_DATASET CONTENT_.
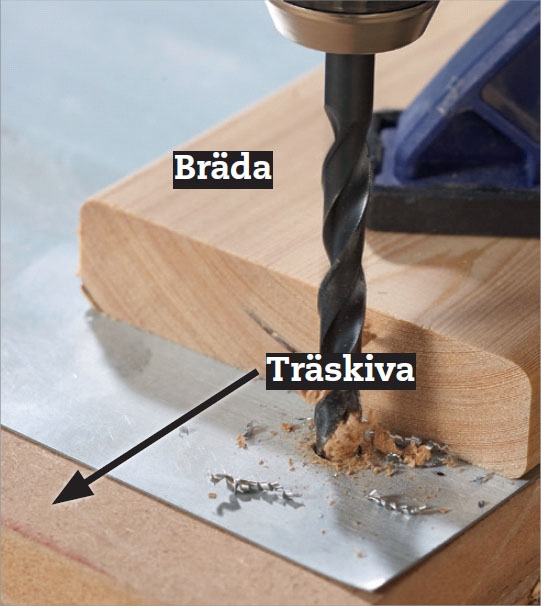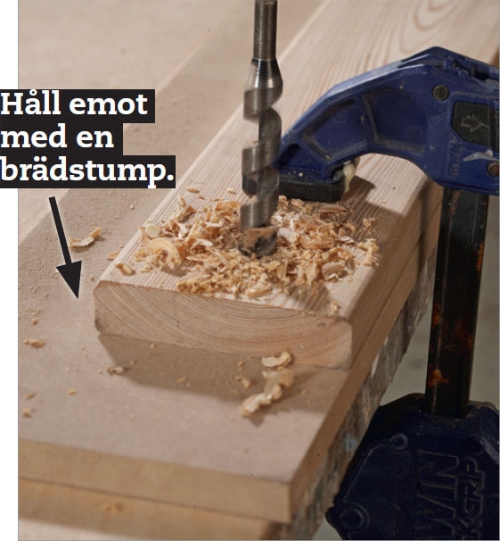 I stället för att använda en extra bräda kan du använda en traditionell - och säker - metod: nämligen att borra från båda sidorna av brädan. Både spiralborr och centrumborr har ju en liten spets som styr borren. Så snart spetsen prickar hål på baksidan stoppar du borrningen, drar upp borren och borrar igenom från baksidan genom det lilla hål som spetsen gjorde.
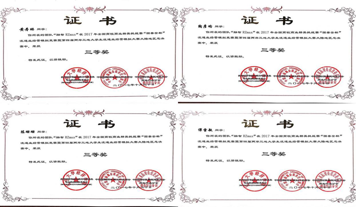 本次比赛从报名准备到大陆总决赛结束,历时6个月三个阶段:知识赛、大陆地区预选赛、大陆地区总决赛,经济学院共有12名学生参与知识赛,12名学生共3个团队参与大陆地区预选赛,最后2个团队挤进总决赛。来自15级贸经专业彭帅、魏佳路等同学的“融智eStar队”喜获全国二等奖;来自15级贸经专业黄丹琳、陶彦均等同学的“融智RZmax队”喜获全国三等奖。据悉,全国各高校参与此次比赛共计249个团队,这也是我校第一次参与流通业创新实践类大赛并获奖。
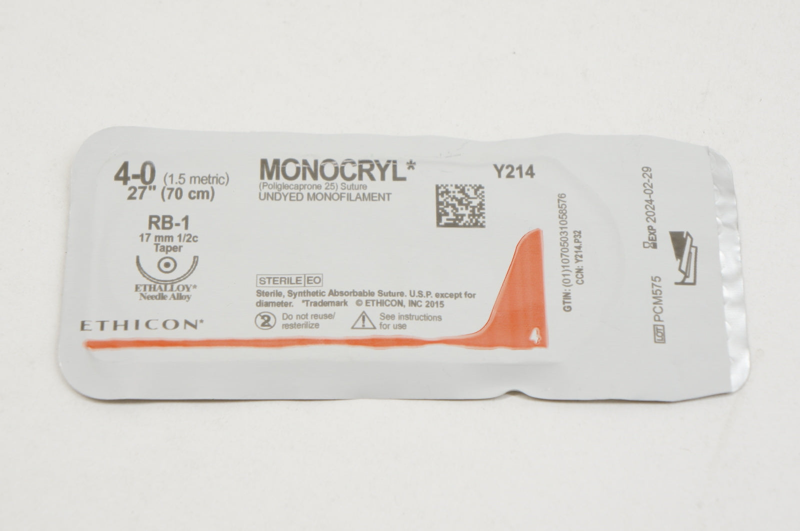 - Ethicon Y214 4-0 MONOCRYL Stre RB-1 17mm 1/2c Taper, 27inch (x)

_ACTIVITY_. Write out all the material above exactly, with no image carried over.

_WRITTEN SOLUTION_.
 I stället för att använda en extra bräda kan du använda en traditionell - och säker - metod: nämligen att borra från båda sidorna av brädan. Både spiralborr och centrumborr har ju en liten spets som styr borren. Så snart spetsen prickar hål på baksidan stoppar du borrningen, drar upp borren och borrar igenom från baksidan genom det lilla hål som spetsen gjorde.
 本次比赛从报名准备到大陆总决赛结束,历时6个月三个阶段:知识赛、大陆地区预选赛、大陆地区总决赛,经济学院共有12名学生参与知识赛,12名学生共3个团队参与大陆地区预选赛,最后2个团队挤进总决赛。来自15级贸经专业彭帅、魏佳路等同学的“融智eStar队”喜获全国二等奖;来自15级贸经专业黄丹琳、陶彦均等同学的“融智RZmax队”喜获全国三等奖。据悉,全国各高校参与此次比赛共计249个团队,这也是我校第一次参与流通业创新实践类大赛并获奖。
 - Ethicon Y214 4-0 MONOCRYL Stre RB-1 17mm 1/2c Taper, 27inch (x)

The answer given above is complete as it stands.